PROBLEM DETAILS:
Reproduce exactly the lines from the start of the records through the line containing "Пряжа CANARIAS (YarnArt), пыл.", both included. Leave the pictures out.

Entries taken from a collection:
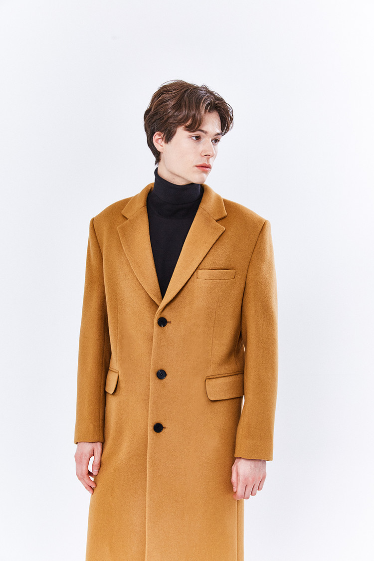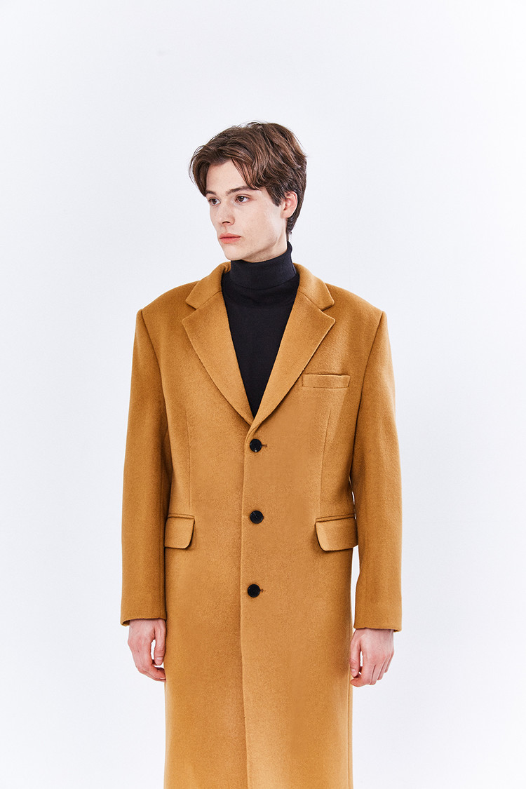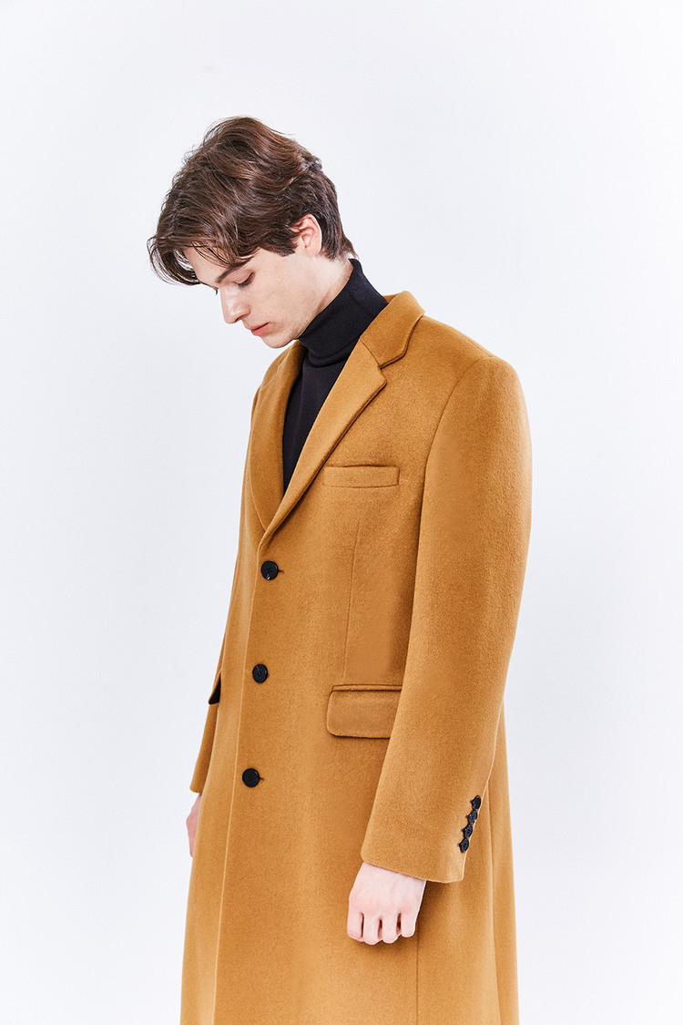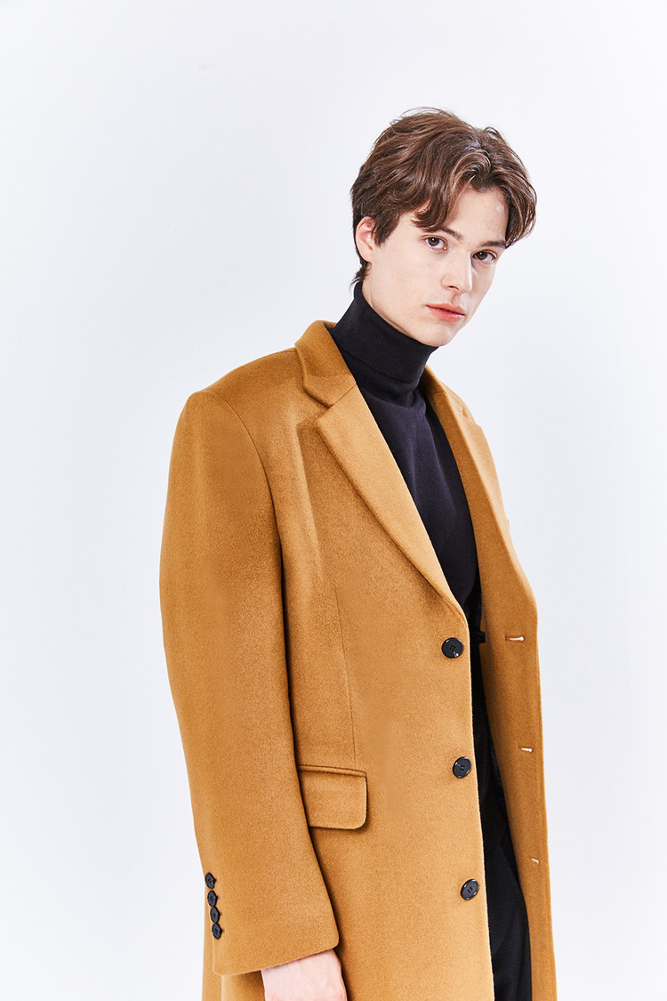 *클래식한 노치드 라펠의 3버튼 디자인 / 카멜의 고급스러운 원단
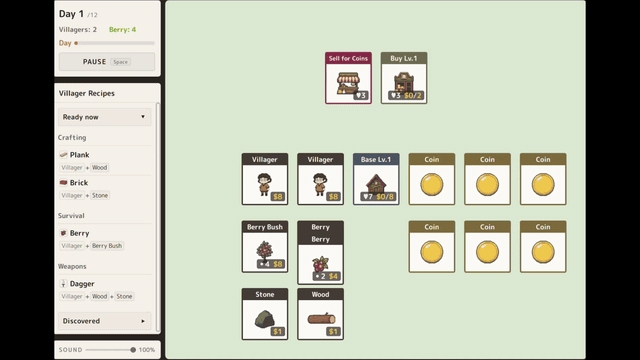 Prototype build: a real-time survival card game where you stack, craft, and survive 12 day/night cycles.
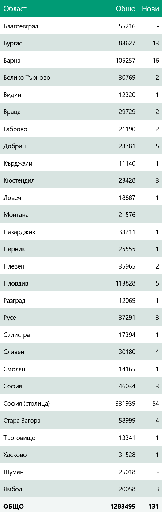 Новозаразени в страната - 131 (51.91% неваксинирани)
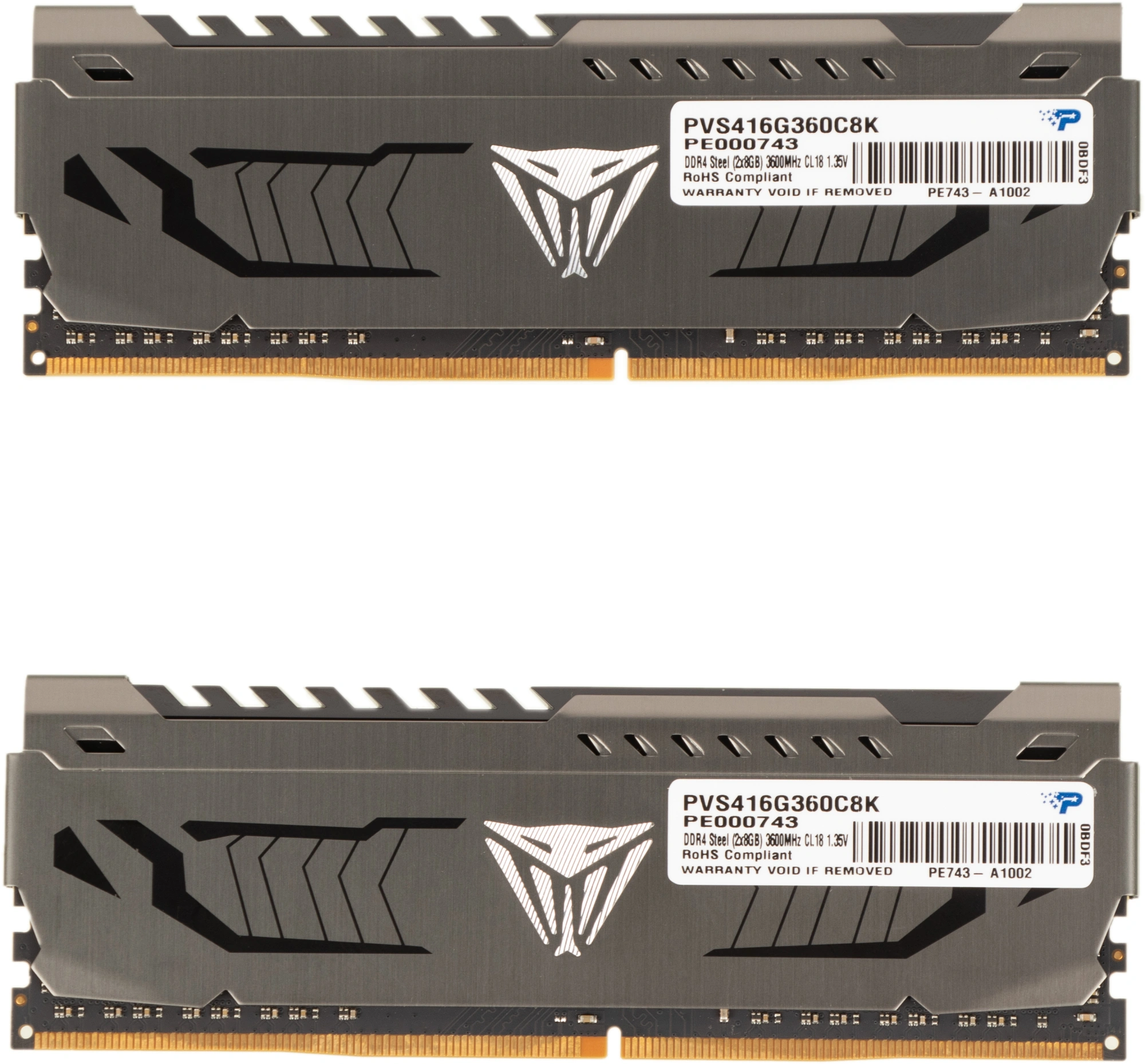 Память DDR4 2x8GB 3600MHz Patriot PVS416G360C8K Viper Steel RTL Gaming PC4-28800 CL18 DIMM 288-pin 1.35В single rank с радиатором Ret
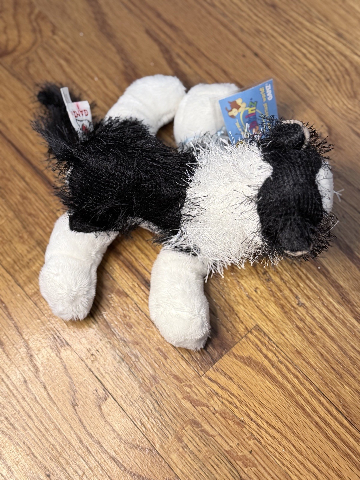 как выглядит HM016 Ganz Webkinz Black and White Cat Plush Toy With Code фото
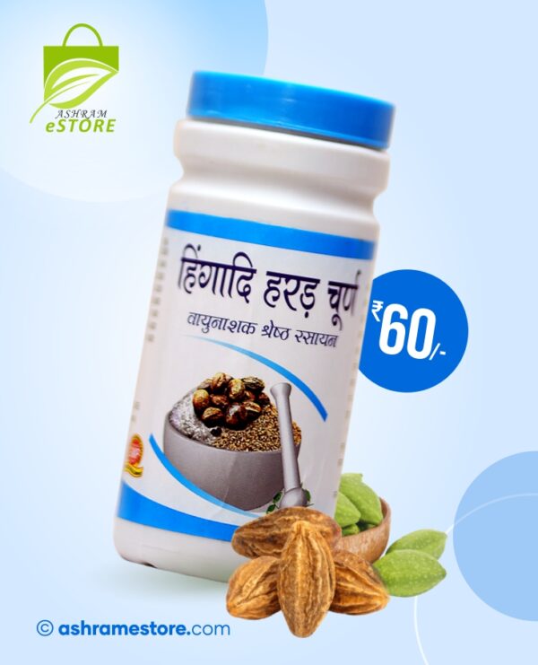 - लगातार सात दिनों तक गोमूत्र में हरड़ को भिगोने के बाद से सुखाकर फिर उसका चूर्ण करके उसमें हींग, अजवायन, सेंधा नमक, इलायची आदि मिलाकर बनाये गये चूर्ण को हिंगादि हरड़ चूर्ण कहते हैं ।
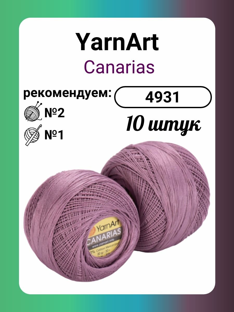 Пряжа CANARIAS (YarnArt), пыл. сирень - 4931, 100% мерсеризованный хлопок, 10 мотков, 20 г, 203 м.
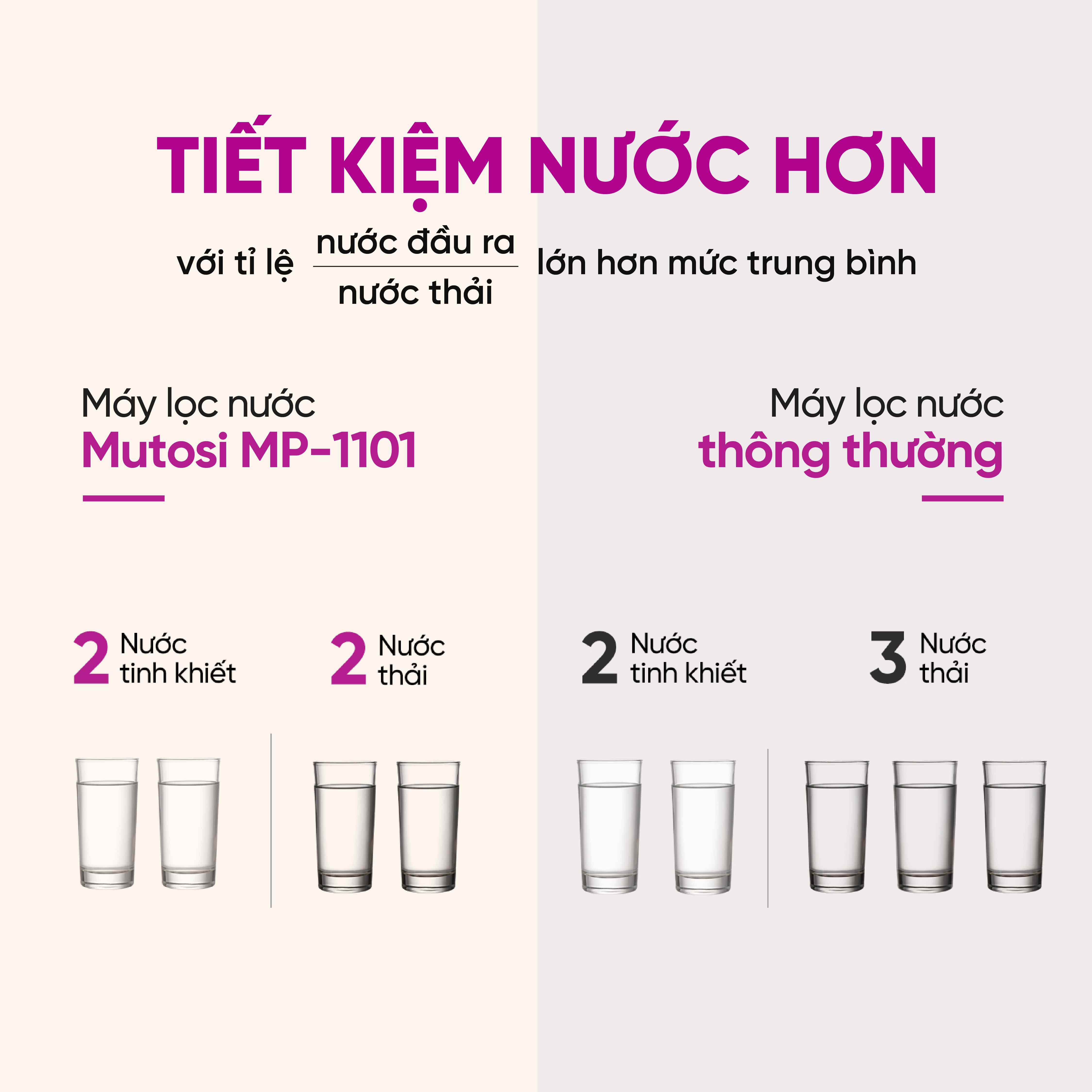- Tiện lợi và tiết kiệm chi phí sinh hoạt: thay vì sử dụng nước đóng chai hay nước đun sôi lại, nguồn nước sạch được lọc, làm nóng trực tiếp (nếu có) từ máy sẽ an toàn, nhanh chóng và tiện lợi hơn. Nước sau lọc có thể uống trực tiếp tại vòi, không cần đun sôi. Máy lọc nước RO Mutosi MP-1101 với hệ thống 11 lõi lọc giúp nước được lọc sạch hiệu quả, ngoài ra còn có màng RO 75 GPD sản xuất tại Hàn Quốc đảm bảo chất lượng, hoạt động với công suất 15 lít/giờ đáp ứng nhu cầu dùng nước sạch cho cả ngày dài,...

ANSWER TO THE EXERCISE:
 *클래식한 노치드 라펠의 3버튼 디자인 / 카멜의 고급스러운 원단
 Prototype build: a real-time survival card game where you stack, craft, and survive 12 day/night cycles.
 Новозаразени в страната - 131 (51.91% неваксинирани)
 Память DDR4 2x8GB 3600MHz Patriot PVS416G360C8K Viper Steel RTL Gaming PC4-28800 CL18 DIMM 288-pin 1.35В single rank с радиатором Ret
 как выглядит HM016 Ganz Webkinz Black and White Cat Plush Toy With Code фото
 - लगातार सात दिनों तक गोमूत्र में हरड़ को भिगोने के बाद से सुखाकर फिर उसका चूर्ण करके उसमें हींग, अजवायन, सेंधा नमक, इलायची आदि मिलाकर बनाये गये चूर्ण को हिंगादि हरड़ चूर्ण कहते हैं ।
 Пряжа CANARIAS (YarnArt), пыл. сирень - 4931, 100% мерсеризованный хлопок, 10 мотков, 20 г, 203 м.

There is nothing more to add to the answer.